First, let's look at the data source we're going to be parsing. A hypothetical sample illustrating the structure of our data source is mentioned later. There are USB vendors and for each vendor, a set of USB products. Each vendor or product has four-digit hexadecimal characters and a name. What separates vendor and product lines are tabs because products are tabbed over once under their parent vendor. As a forensic developer, you will come to love patterns and data structures, as it is a happy day when data follows a strict set of rules. Because of this, we will be able to preserve the relationship between the vendor and its products in a simple manner. Here is the earlier-mentioned hypothetical sample:
0001 Vendor Name 0001 Product Name 1 0002 Product Name 2 ... 000N Product Name N
This script, named usb_lookup.py
, takes a VID and PID supplied by the user and returns the appropriate vendor and product names. Our program uses the urllib2
module to download the usb.ids
database to memory and create a dictionary of vendor IDs and their products. If a vendor and product combination are not found, error handling will inform the user of any partial results and exit the program gracefully.
The main()
function contains the logic to download the usb.ids
file, store it in memory, and create the USB dictionary using the getRecord()

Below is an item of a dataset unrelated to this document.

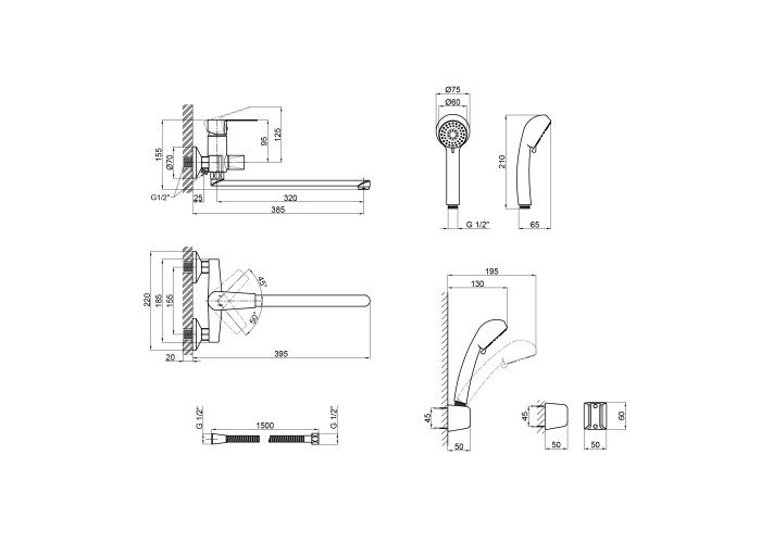 Змішувач, лійка для ручного душу, душовий шланг, кронштейн, кріпильні деталі.
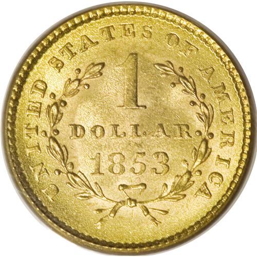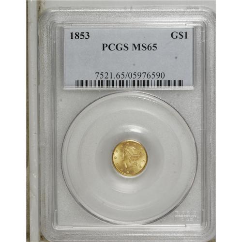 <B>1853 G$1 MS65 PCGS.</B></I> The 1853 is perfect for type purposes, as the issue "...is by far the most common United States gold dollar" (Jeff Garrett and Ron Guth, 2006). It is readily available through near-Gem condition, but becomes somewhat more challenging any finer. Gorgeous peach-gold surfaces display excellent luster and a satiny finish, and are devoid of significant marks. Crisply struck throughout.<BR><BR><b>Shipping:</b> Coins & Currency (<a target="_blank" href="http://www.heritageauctions.com/common/shipping.php">view shipping information</a>)

helper function. The structure of the USB dictionary is somewhat complex and involves mapping a vendor ID to a list, containing the name of the vendor as the first element, and a product dictionary as the second element. This product dictionary maps product IDs to their names. The following is an example of the USB dictionary containing two vendors, VendorId_1
and VendorId_2
, each mapped to a list containing the vendor name, and a dictionary for any product ID and name pairs:
usbs = {VendorId_1: [VendorName_1, {ProductId_1: ProductName_1, ProductId_2: ProductName_2, ProductId_N: ProductName_N}], VendorId_2: [VendorName_2, {}], etc.}
It may be tempting to just search for VID and PID in the lines and return the names rather than creating this dictionary that links vendors to their products. However, products can share the same ID across different vendors, which could result in mistakenly returning a product from a different vendor. With our method, we can be sure that the product belongs to the associated vendor.

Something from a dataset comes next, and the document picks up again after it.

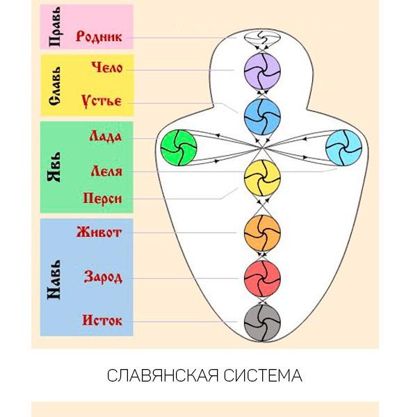Во второй системе 17 чар, и называются они «Родники Силы»: Вышень; Крышень; Чело; Темя; Явло; Горло; Ладина; Лад; Лада; Ярло; Лель; Леля; Живот; Исток (Жила); Чрево; Зарод; Вий.

Once the USB dictionary has been created, the searchKey()
function is responsible for querying the dictionary for a match. It first checks that the user supplied two arguments, VID and PID, before continuing execution of the script. Next, it searches for a VID match in the outermost dictionary. If VID is found, the innermost dictionary is searched for the responsive PID. If both are found, the resolved names are printed to the console. See the following code:
001 import urllib2 002 import sys ... 009 def main(): ... 043 def getRecord(): ... 057 def searchKey(): ... 092 if __name__ == '__main__': 093 main()
For larger scripts, such as this, it is helpful to view a diagram that illustrates how these functions are connected together. Fortunately, a library named code2flow, available on Github (https://github.com/scottrogowski/code2flow.git), exists to automate this process for us. The following schematic illustrates the interactions between the main()
function, which first calls and receives data from getRecord()
, before calling the searchKey()
function. There are other libraries that can create similar flow charts. However, this library does a great job of creating a simple and easy to understand flow chart:
Understanding the main() function
Let's start by examining the main()
function, which is called on line 93 as seen in the previous code block. As discussed previously, the particular if
statement on line 92 is a common and preferred way of calling our starting function. The if
statement will only evaluate to True
if the script is called by the user. If, for example, it were imported, the main function would not be called and the script would not run. However, the function could still be called just like any other imported module as follows:
009 def main(): 010 """ 011 The main function opens the URL and parses the file before searching for the 012 user supplied vendor and product IDs. 013 :return: Nothing. 014 """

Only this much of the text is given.